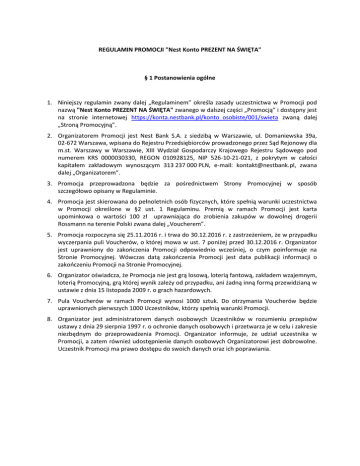 REGULAMIN PROMOCJI "Nest Konto PREZENT NA ŚWIĘTA" § 1 Postanowienia ogólne 1. Niniejszy regulamin zwany dalej „Regulaminem” określa zasady uczestnictwa w Promocji pod nazwą "Nest Konto PREZENT NA ŚWIĘTA" zwanego w dalszej części „Promocją” i dostępny jest na stronie internetowej https://konta.nestbank.pl/konto_osobiste/001/swieta zwaną dalej „Stroną Promocyjną”. 2. Organizatorem Promocji jest Nest Bank S.A. z siedzibą w Warszawie, ul. Domaniewska 39a, 02-672 Warszawa, wpisana do Rejestru Przedsiębiorców prowadzonego przez Sąd Rejonowy dla m.st. Warszawy w Warszawie, XIII Wydział Gospodarczy Krajowego Rejestru Sądowego pod numerem KRS 0000030330, REGON 010928125, NIP 526-10-21-021, z pokrytym w całości kapitałem zakładowym wynoszącym 313 237 000 PLN, e-mail: [email protected], zwana dalej „Organizatorem”. 3. Promocja przeprowadzona będzie za pośrednictwem Strony Promocyjnej w sposób szczegółowo opisany w Regulaminie. 4. Promocja jest skierowana do pełnoletnich osób fizycznych, które spełnią warunki uczestnictwa w Promocji określone w §2 ust. 1 Regulaminu. Premią w ramach Promocji jest karta upominkowa o wartości 100 zł uprawniająca do zrobienia zakupów w dowolnej drogerii Rossmann na terenie Polski zwana dalej „Voucherem”. 5. Promocja rozpoczyna się 25.11.2016 r. i trwa do 30.12.2016 r. z zastrzeżeniem, że w przypadku wyczerpania puli Voucherów, o której mowa w ust. 7 poniżej przed 30.12.2016 r. Organizator jest uprawniony do zakończenia Promocji odpowiednio wcześniej, o czym poinformuje na Stronie Promocyjnej. Wówczas datą zakończenia Promocji jest data publikacji informacji o zakończeniu Promocji na Stronie Promocyjnej. 6. Organizator oświadcza, że Promocja nie jest grą losową, loterią fantową, zakładem wzajemnym, loterią Promocyjną, grą której wynik zależy od przypadku, ani żadną inną formą przewidzianą w ustawie z dnia 15 listopada 2009 r. o grach hazardowych. 7. Pula Voucherów w ramach Promocji wynosi 1000 sztuk. Do otrzymania Voucherów będzie uprawnionych pierwszych 1000 Uczestników, którzy spełnią warunki Promocji. 8. Organizator jest administratorem danych osobowych Uczestników w rozumieniu przepisów ustawy z dnia 29 sierpnia 1997 r. o ochronie danych osobowych i przetwarza je w celu i zakresie niezbędnym do przeprowadzenia Promocji. Organizator informuje, że udział uczestnika w Promocji, a zatem również udostępnienie danych osobowych Organizatorowi jest dobrowolne. Uczestnik Promocji ma prawo dostępu do swoich danych oraz ich poprawiania. § 2 Warunki uczestnictwa w Promocji i uzyskania Vouchera 1. Promocja przeznaczona jest dla pełnoletnich osób fizycznych, które łącznie spełniają następujące warunki: a) posiadają pełną zdolność do czynności prawnych oraz są konsumentami w rozumieniu art. 22(1) Kodeksu cywilnego i posiadają miejsce zamieszkania na terytorium Rzeczypospolitej Polskiej, b) złożą Wniosek o otwarcie NEST Konta dla klientów indywidualnych, o którym mowa w ust. 4 lit. a) poniżej, c) na dzień złożenia Wniosku, o którym mowa w ust. 4 lit. a) poniżej nie posiadają (nie współposiadają) i nie posiadały (nie współposiadały) rachunku oszczędnościowo rozliczeniowego oferowanego dotychczasowo przez Nest Bank (także pod innymi nazwami handlowymi), jak również nie złożyły wniosku o taki rachunek, który jest w trakcie rozpatrywania przez Organizatora. 2. Z Promocji wyłączeni są pracownicy Organizatora, osoby zatrudnione przez Organizatora na podstawie stosunku cywilnoprawnego, a także członkowie rodzin tych osób do drugiego stopnia pokrewieństwa. 3. Osoba fizyczna, która spełnia warunki, o których mowa w ust. 1 oraz nie jest wyłączona z udziału w Promocji na podstawie ust. 2, a zdecydują się na udział w Promocji na zasadach określonych w Regulaminie będzie zwana: „Uczestnikiem”. 4. Aby uzyskać prawo do Vouchera w ramach Promocji Uczestnik zobowiązany jest spełnić łącznie poniższe warunki z zachowaniem ich kolejności: a) złożyć w okresie obowiązywania Promocji wniosek o Nest Konto znajdujący się wyłącznie na Stronie Promocyjnej, zwany w dalszej części „Wnioskiem”. W Promocji brane są pod uwagę wyłącznie Wnioski złożone za pośrednictwem Strony Promocyjnej, b) wyrazić zgodę na przetwarzanie jego danych osobowych w celach marketingowych przez Nest Bank oraz wysyłanie przez Nest Bank informacji handlowych drogą elektroniczną (pkt. 4 i 5 we wniosku o założenie Nest Konta), c) zawrzeć z Nest Bankiem umowę o Nest Konto, na podstawie Wniosku złożonego zgodnie z lit. a) powyżej. Przez zawartą umowę o Nest Konto rozumie się umowę skutecznie zawartą zgodnie z trybem przewidzianym w „Regulaminie rachunków bankowych oraz usług płatniczych dla Klientów indywidualnych”, d) nie korzystać z uprawnienia do odstąpienia od umowy, w terminie i na warunkach określonych przez obowiązujące przepisy prawa, e) zalogować się do bankowości internetowej Nest Banku na swoje konto, nie później niż w okresie 90 dni od momentu złożenia Wniosku. 5. Warunki otwarcia i prowadzenia Nest Konta będącego rachunkiem oszczędnościoworozliczeniowym prowadzonym przez Organizatora na rzecz konsumentów w złotych określa Regulamin rachunków bankowych oraz usług płatniczych dla Klientów indywidualnych oraz Tabela Oprocentowania- oferta Rachunków i Lokat i Tabela Opłat i Prowizji- oferta Rachunków i Kart dostępne na stronie internetowej www.nestbank.pl. 6. Uczestnik, który spełni warunki określone w ust. 4 powyżej otrzyma Voucher. Voucher zostanie wysłany uprawnionemu Uczestnikowi w terminie 14 dni roboczych od dnia spełnienia warunków Promocji. 7. Voucher wysłany zostanie pocztą na adres korespondencyjny podany przez Uczestnika podczas składania Wniosku o Nest Konto. 8. Voucher ważny jest od dnia rozpoczęcia Promocji i traci swoją ważność dnia 20.11.2017 roku. 
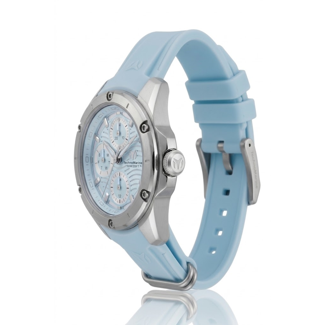 El TechnoMarine TM-325004 es una pieza central de la colección Oceanico, diseñada para capturar la esencia de la libertad marina con un toque de elegancia deportiva. Este modelo se distingue por su esfera en un vibrante color azul, protegida por una caja de acero inoxidable de 36 mm que ofrece un equilibrio perfecto entre delicadeza y resistencia. Su correa de silicona en tono azul claro no solo proporciona una comodidad excepcional para el uso diario, sino que refuerza su identidad náutica. Es el accesorio ideal para la mujer moderna que valora la precisión japonesa y un diseño que destaca tanto en entornos casuales como en actividades al aire libre.
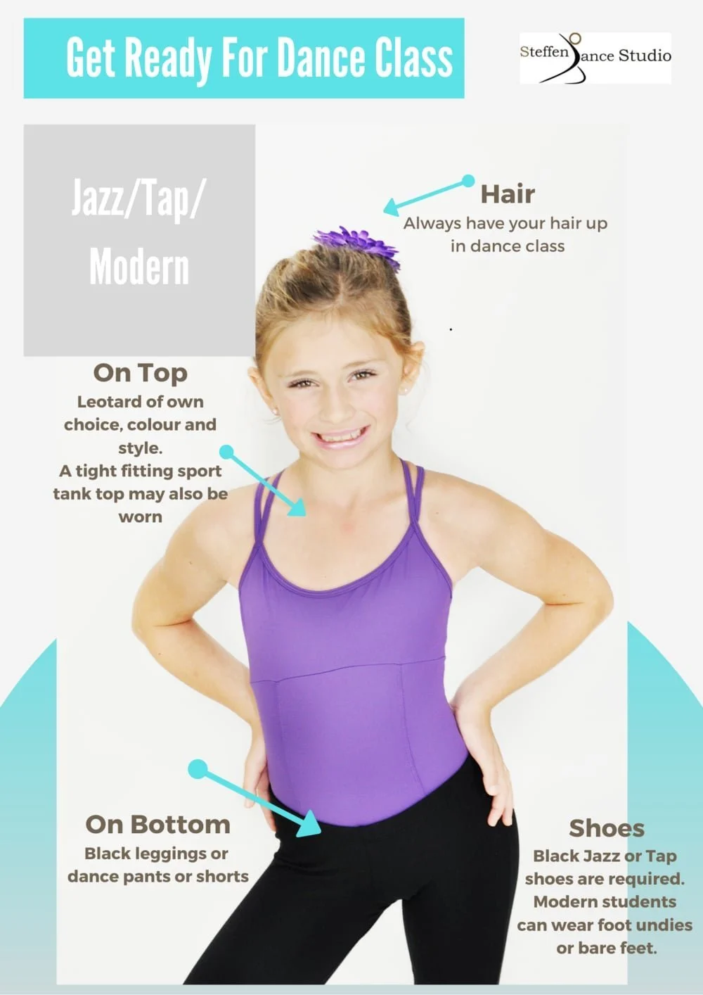 Female students in Programs 1, 2, 3, 4 and 5 should wear a BLACK bodysuit and suitable tights (Pink for ballet) along with shorts, leggings, warm ups etc.
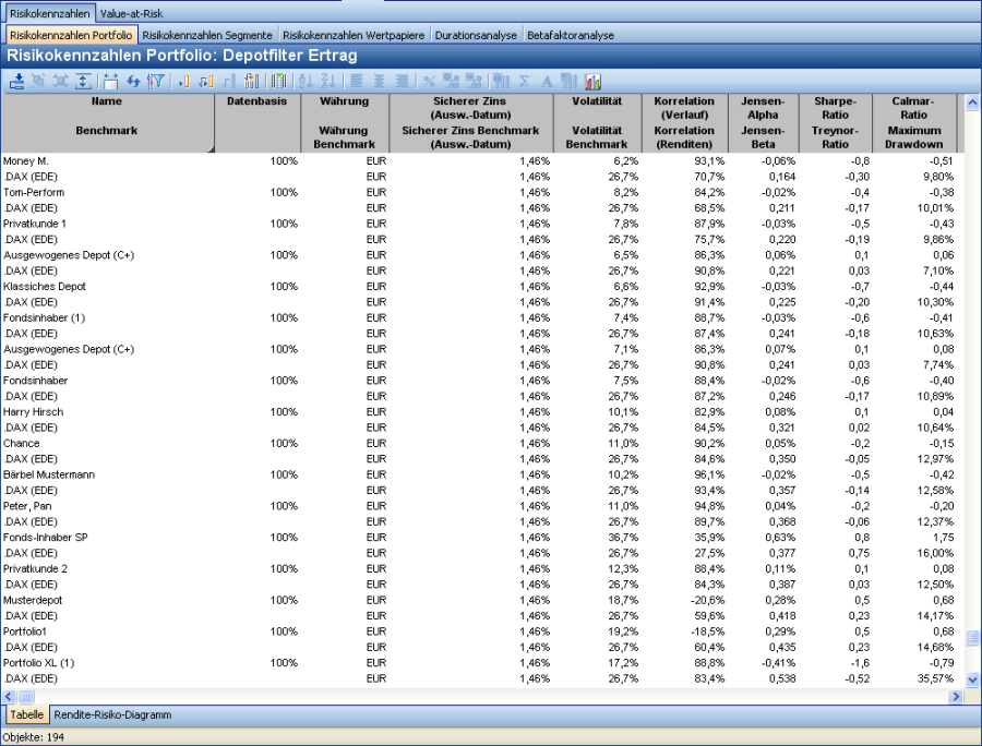 Risikokennzahlen Portfolio
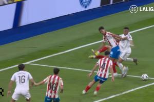 首先来到马德里,圣地亚哥・伯纳乌球场,赫罗纳禁区内出现一次极具争议的攻防。皇马进攻球员完成变向摆脱后,在禁区内与赫罗纳防守球员发生身体对抗,皇马球员试图继续持球向球门推进。此时双方球员产生肢体接触:一方面防守球员手臂碰到了前锋面部,另一方面几乎同时,防守方又碰到了进攻球员的支撑腿。所有接触均源于此次对抗本身的动态与惯性,最终导致进攻球员倒地。主裁站位合理、视线清晰,判定比赛继续进行。
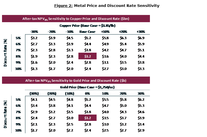 A sensitivity analysis was performed on the study's after-tax NPV (net present value) at an 8-per-cent discount to examine the sensitivity to commodity prices, capital costs and operating costs.
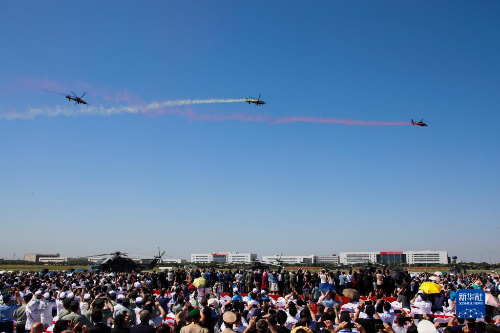 9月14日,在第六屆中國天津國際直升機博覽會(huì )開(kāi)幕式上,陸軍“風(fēng)雷”飛行表演隊直-19武裝直升機進(jìn)行飛行表演。

----

EXERCISE GOAL
Excluding the pictures, retype the line containing "A sensitivity analysis" and all lines after it down to the end of the data above.

EXERCISE SOLUTION
 A sensitivity analysis was performed on the study's after-tax NPV (net present value) at an 8-per-cent discount to examine the sensitivity to commodity prices, capital costs and operating costs.
 9月14日,在第六屆中國天津國際直升機博覽會(huì )開(kāi)幕式上,陸軍“風(fēng)雷”飛行表演隊直-19武裝直升機進(jìn)行飛行表演。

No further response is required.